Pioneer Information
Born in Wilkes-Barre, Pennsylvania, Lohmann graduated from Pennsylvania State University with a B.S. in 1910. He attended graduate school at Harvard University and completed an M.L.A. in 1914. Inspired by the City Beautiful movement, Lohmann wrote a thesis entitled The Design of a Coal Mining Village. Upon graduation, he briefly returned to Pennsylvania to promote the potential of parks, playgrounds, and plantings as a means of improving mining towns. In 1915 he found work with the Detroit City Planning Commission. Towards the end of World War I, Lohmann joined the Town Planning Division of the U.S. Shipping Board, where he planned emergency towns for ship workers.

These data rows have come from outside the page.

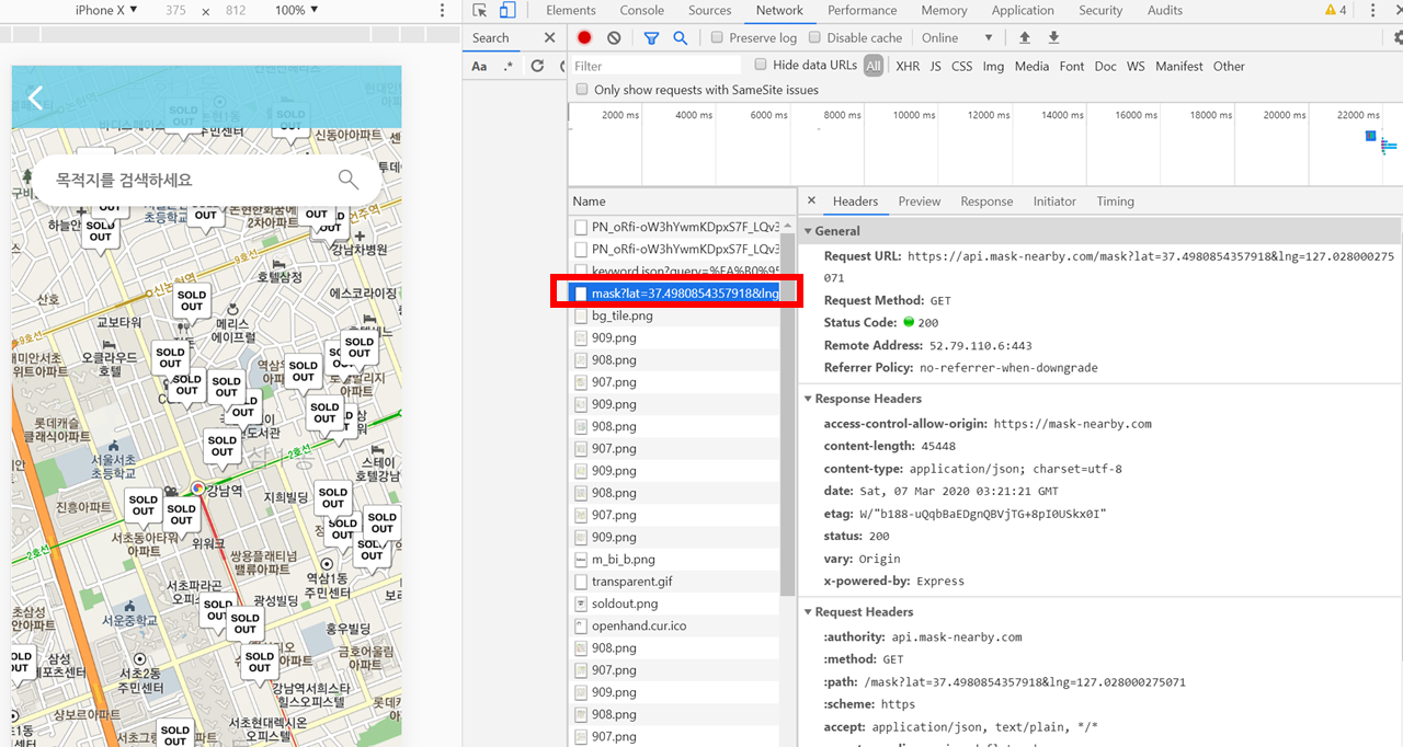 그렇다면 이 포스팅의 제목인 크롬에서 이 마스크 알리미에서 사용하는 API를 추출해서 우리들도 이런 데이터를 요청해서 받을 수 있게 해 볼까요?
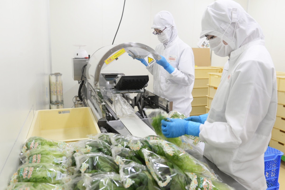 野菜工場では厳正な品質管理のもと、フリルレタスとサラダ小松菜合わせて1日2,700株を出荷しています。
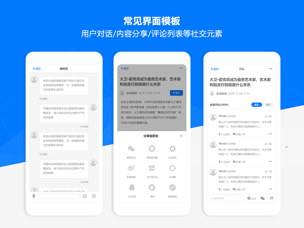本套作品的中相关元件的整理参考了Ant Design、MUI、Frozenui等前端组件库,动态图表组件由原型协作与发布平台Axhub提供,作品中关联分享的相关交互规范和用户体验类文章全部整理自优设网UISDC,在此特别注明并向以上相关平台表示感谢。
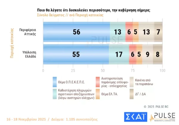 Η ακρίβεια δείχνει να παραμένει στην πρώτη θέση των προβλημάτων που απασχολούν τους Έλληνες πολίτες, καθώς το κόστος ζωής συνεχίζει να αυξάνεται. Η δημοσκόπηση της Pulse έδειξε επίσης ότι οι πολίτες θεωρούν σε ποσοστό 56% πως η κυβέρνηση αντιμετωπίζει δυσκολίες στο θέμα του ΟΠΕΚΕΠΕ, το οποίο βέβαια, συνδέεται με το 15% των καθυστερήσεων στις πληρωμές των αγροτών.
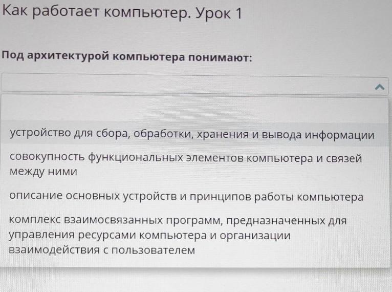 Архитектура компьютера - структура вычислительной машины, определяющая проведение обработки информации и включающая методы преобразования информации в данные и принципы взаимодействия технических средств и программного обеспечения
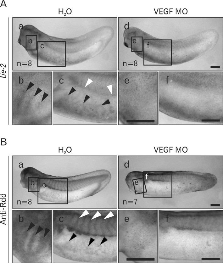Fig 5. Concomitant localization of Rdd3 protein with blood vessel formation. Whole-mount in situ hybridization (A) and whole-mount immunostaining (B) analyses were performed to show tie-2 expression and Rdd protein localization in tailbud (st. 32) embryos. Embryos were injected with vascular endothelial growth factor Morpholino oligo (VEGF MO) (9.2 pmol/embryo) (d-f ) or H2O (a-c) in the marginal zone at the 4-cell stage. (A) In the control embryo, tie-2 was expressed in the vitelline vein (b, arrowheads), intermediate mesoderm (c, white arrowheads) and branchial arches (c, arrowheads). Localization of tie-2 expression was lost in the VEGF MO-injected embryo (d-f ). (B) Rdd protein was detected in the vitelline vein (b, arrowheads), intersomite region (c, white arrowheads), and branchial arches (c, arrowheads). Localization of Rdd protein was lost in the VEGF MO-injected embryo (d-f ). Scale bars=0.5 mm (A, B).

In 1921, Lohmann moved to Urbana, Illinois, where he taught landscape architecture from 1921 to 1948, and City and Regional Planning from 1948 until 1955 at the University of Illinois, Urbana-Champaign. As an interdisciplinary academic, Lohmann contributed to the emergence of a mid-century American planning movement that had roots in landscape architecture. He is credited with developing a course in Regional Planning in 1933, which was the first of its kind to be offered in an American university. Lohmann also authored numerous planning textbooks, technical reports, articles, and pamphlets. His most influential work is the textbook Principles of City Planning (1931).
Though best known as an educator, Lohmann also took private commissions. He collaborated with Harland Bartholomew on a campus master plan for Rutgers University (1927), authored a long-range park plan for the State of Illinois (1938), and a campus landscape plan for Fredonia State College, New York (1958). In 1949 Lohmann was appointed Commissioner of the Urbana Park District and was subsequently elected president of that board. He became a Fellow of the American Society of Landscape Architects in 1955. Lohmann died in Urbana, Illinois, at the age of 75.